• [What you are asked to do]:
Going from the line that contains "LED světelný závěs" down to the last line in the listing below, reproduce every line exactly and include no others.

• [Source material]:
------------------------------------------------

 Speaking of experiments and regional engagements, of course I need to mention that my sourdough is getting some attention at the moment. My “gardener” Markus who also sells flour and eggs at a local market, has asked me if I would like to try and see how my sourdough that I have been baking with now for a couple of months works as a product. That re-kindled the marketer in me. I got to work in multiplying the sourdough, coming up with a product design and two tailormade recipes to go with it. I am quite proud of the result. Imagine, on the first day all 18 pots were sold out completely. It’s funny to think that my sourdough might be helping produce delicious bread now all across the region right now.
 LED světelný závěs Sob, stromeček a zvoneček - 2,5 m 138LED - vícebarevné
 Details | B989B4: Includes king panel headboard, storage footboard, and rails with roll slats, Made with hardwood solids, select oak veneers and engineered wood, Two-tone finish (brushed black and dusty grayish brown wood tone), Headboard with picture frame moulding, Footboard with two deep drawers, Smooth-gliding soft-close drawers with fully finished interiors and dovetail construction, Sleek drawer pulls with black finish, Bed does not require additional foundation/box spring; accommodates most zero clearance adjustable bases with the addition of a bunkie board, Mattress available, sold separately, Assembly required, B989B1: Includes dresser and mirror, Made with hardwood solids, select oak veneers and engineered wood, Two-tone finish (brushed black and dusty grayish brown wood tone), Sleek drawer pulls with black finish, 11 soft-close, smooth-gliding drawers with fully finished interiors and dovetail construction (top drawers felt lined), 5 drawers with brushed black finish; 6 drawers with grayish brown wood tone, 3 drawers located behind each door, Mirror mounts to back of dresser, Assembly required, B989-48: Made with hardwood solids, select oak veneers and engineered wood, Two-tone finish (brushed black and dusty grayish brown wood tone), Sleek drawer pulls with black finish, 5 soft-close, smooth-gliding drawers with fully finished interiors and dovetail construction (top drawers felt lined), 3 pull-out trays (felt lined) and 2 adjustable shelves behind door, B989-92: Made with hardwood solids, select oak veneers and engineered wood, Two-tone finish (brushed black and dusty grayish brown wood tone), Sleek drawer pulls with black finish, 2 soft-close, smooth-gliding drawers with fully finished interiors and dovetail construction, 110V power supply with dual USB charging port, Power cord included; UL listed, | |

------------------------------------------------

• [Output]:
 LED světelný závěs Sob, stromeček a zvoneček - 2,5 m 138LED - vícebarevné
 Details | B989B4: Includes king panel headboard, storage footboard, and rails with roll slats, Made with hardwood solids, select oak veneers and engineered wood, Two-tone finish (brushed black and dusty grayish brown wood tone), Headboard with picture frame moulding, Footboard with two deep drawers, Smooth-gliding soft-close drawers with fully finished interiors and dovetail construction, Sleek drawer pulls with black finish, Bed does not require additional foundation/box spring; accommodates most zero clearance adjustable bases with the addition of a bunkie board, Mattress available, sold separately, Assembly required, B989B1: Includes dresser and mirror, Made with hardwood solids, select oak veneers and engineered wood, Two-tone finish (brushed black and dusty grayish brown wood tone), Sleek drawer pulls with black finish, 11 soft-close, smooth-gliding drawers with fully finished interiors and dovetail construction (top drawers felt lined), 5 drawers with brushed black finish; 6 drawers with grayish brown wood tone, 3 drawers located behind each door, Mirror mounts to back of dresser, Assembly required, B989-48: Made with hardwood solids, select oak veneers and engineered wood, Two-tone finish (brushed black and dusty grayish brown wood tone), Sleek drawer pulls with black finish, 5 soft-close, smooth-gliding drawers with fully finished interiors and dovetail construction (top drawers felt lined), 3 pull-out trays (felt lined) and 2 adjustable shelves behind door, B989-92: Made with hardwood solids, select oak veneers and engineered wood, Two-tone finish (brushed black and dusty grayish brown wood tone), Sleek drawer pulls with black finish, 2 soft-close, smooth-gliding drawers with fully finished interiors and dovetail construction, 110V power supply with dual USB charging port, Power cord included; UL listed, | |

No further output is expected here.